In a statement, Education Department spokeswoman Liz Hill blamed the situation on labor representatives.

“The union spent more than a year dragging its feet on ground rules negotiations without reaching any agreement, and then failed to respond in a timely manner to negotiate over the contract proposed by the department,” she wrote. “This contract complies with all statutory requirements and maintains union members’ rights under the Civil Service Protections Act and the Federal Labor Relations Act.”

AFGE assistant general counsel Ward Morrow said the labeling of the new labor roadmap as a "collective bargaining agreement" is farcical.

“The agency is claiming now that this is the CBA, but there’s nothing collective about it, it wasn’t bargained, and there hasn’t been an agreement,” he said. “This is the agency’s edict on how they’re going to treat labor relations.”
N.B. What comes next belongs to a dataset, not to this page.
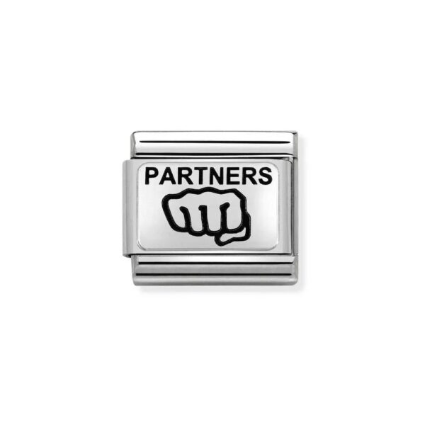 Oryginalny moduł do bransoletki komponowanej Nomination Composable Classic ze stali szlachetnej z napisem “PARTNERS” ze srebra pr. 925.

The new document removes dozens of provisions that existed in the agency’s 2013 agreement, including telework; child and elder care; guidelines for promotions, step increases and bonuses; and protections for employees with disabilities. The results have been “chaos,” AFGE representatives said.

“As far as we’ve been notified, there are only eight pillars remaining of what used to be a 44-pillar CBA, and those eight things are the only things that exist now,” De Smeth said. “We had several employees who were on 100 percent telework agreements. Now that there’s no telework provision [in the contract], they’ve had to scramble to get to the facility they report to, and they don’t even live in the same town.”

The new bargaining agreement also significantly curtails the ability of union representatives to use official time, a practice where unions are paid to address workplace issues. The document forces them to use unpaid leave for such duties. It reduces the number of stewards authorized to use official or representational time from 75 under the previous agreement to 10, and it requires employees to request permission from their supervisor before using unpaid leave for union representational work.

“Official time is something that’s been designated [throughout government],” Morrow said. “If you make it leave without pay, you’re requiring people by law to represent people whether or not they pay dues, and now you’re making them do it for free. We don’t—in the federal sector, the public sector or the private sector—no entity requires people by federal law to represent people [on labor issues] and to do it for free. They’re trying to create something here that doesn’t exist.”

The document also ends the practice of the department providing office space to the union at both headquarters and 10 regional units.

“The council and the locals have a few federal retirees, people who were 20-plus year workers at the department, but because the contract takes away union office space and all union equipment, the agency will be cutting them off from coming into the building,” Morrow said. “They’re volunteers, but they’ll get locked out of the building starting after tomorrow.”

Morrow said the union is seeking a so-called “status quo” remedy, which would force the Education Department to abide by the 2013 CBA until good-faith negotiations with the union are completed to iron out a new agreement.